Cass Cleave put down her knife and looked at me. I shrugged again, smiling my most candid, my most winning smile. "My dear," I said, "I have turned my coat so often it has grown threadbare."

It was only then that I realized how angry I was, how angry I had been all along, ever since I had opened her letter, and before that, long before that, in the expectation of it, for I had always known it would come, from someone, sooner or later. Cass Cleave had turned her face aside now and was looking out at the street. How much did she know? Beadily I studied her. Yes, I recognized the type: driven, clever, cunning and helpless, prey to secret hungers, nameless distresses, looking for rescue in all the wrong directions. Her nails were gnawed past the quick. I shut my eyes for a moment. Could it really be that the intricate exploit that was my life, this hard-won triumph of risk and daring and mendacity, would at the end be brought to nothing by the yearnings for attention of a half-demented girl? The afternoon sunlight had angled itself down past the high roofs into the street, and something from outside kept flashing through the window into my eyes, some reflection from glass or metal. I was well on the way to being drunk.

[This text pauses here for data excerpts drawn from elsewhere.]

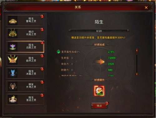 (4)可通过给圣灵之子赠送礼物,提高圣灵好感度,获得额外的属性加成
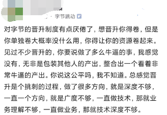 不只是字节这样,在任何地方都是一样的。以前在一家公司,去的早,就因为跟领导距离远,反而是后入职的人获得了晋升。比别人会干活不是本身,获得领导的认可才是真本事。
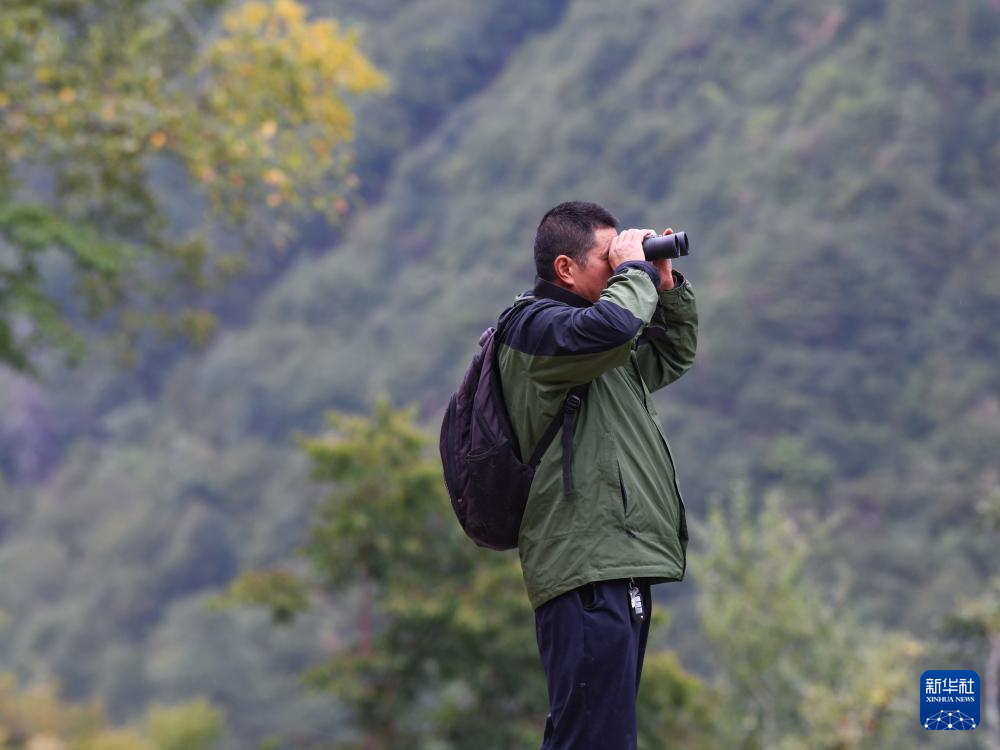 在四川白河國家級(jí)自然保護(hù)區(qū),唐玉林使用望遠(yuǎn)鏡觀察保護(hù)區(qū)森林防火情況(10月11日攝)。新華社記者 王曦 攝
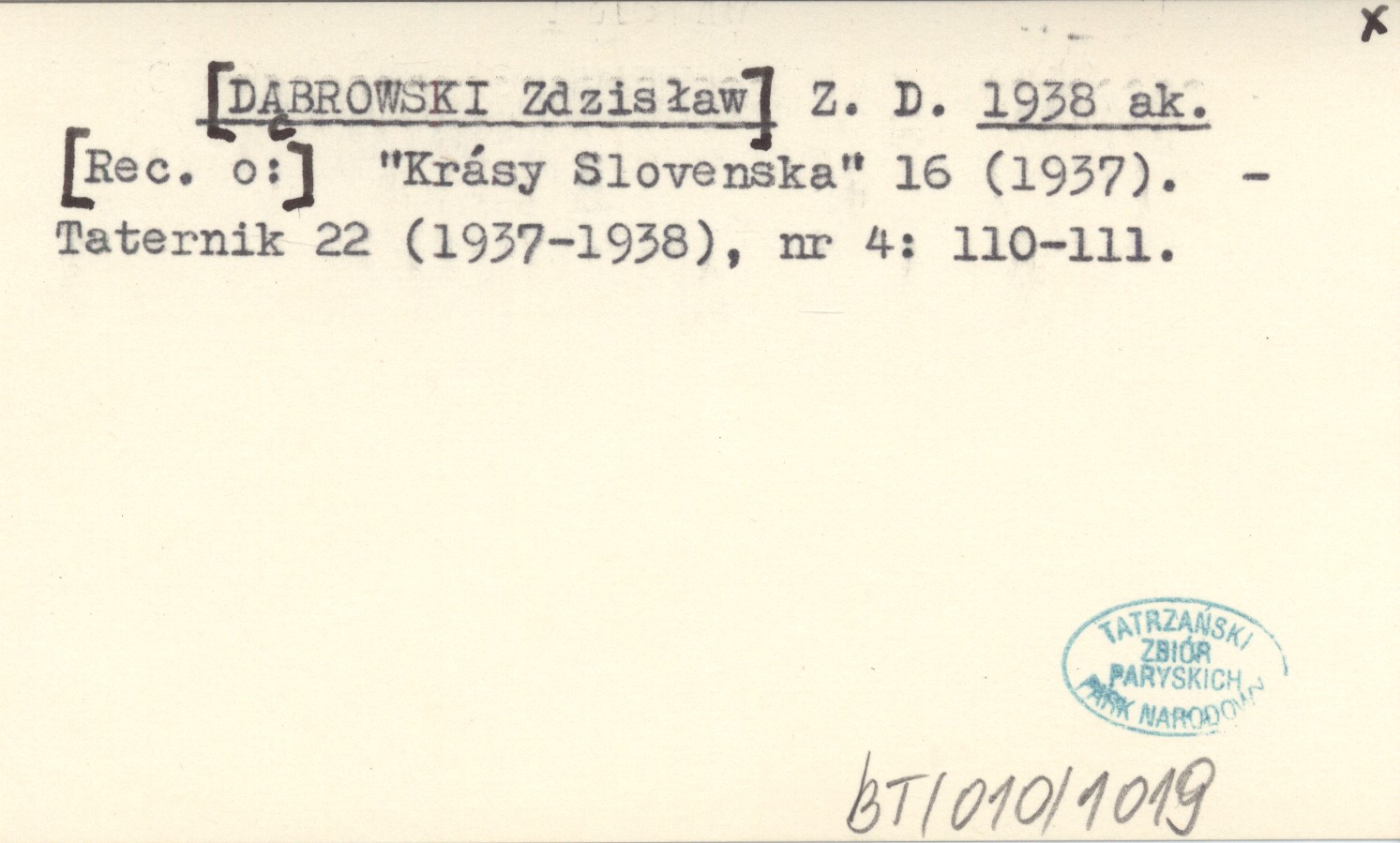 Z. D. [DĄBROWSKI Zdzisław] 1938 ak [Rec. o:] "Krásy Slovenska" 16 (1937).

Without thinking to do it I reached out and took one of Cass Cleave's hands in both of mine and smiled my compelling smile again, showing my teeth. What a spectacle we must have been for the other lunchers in the place, the rank old roué pawing this pale girl and grinning like a horse. "Come with me," I said, gallant and jocular, "I want to show you the place where an old friend used to live." She was looking at her hand resting in mine, her head tilted to one side, with an expression of puzzlement, as if no one had ever held her hand before. I brushed my fingertips along her palm; it was warm and unexpectedly hard. When she lowered her eyes the lids, mauve-tinted, slightly glossy, were so rounded and taut they seemed almost transparent.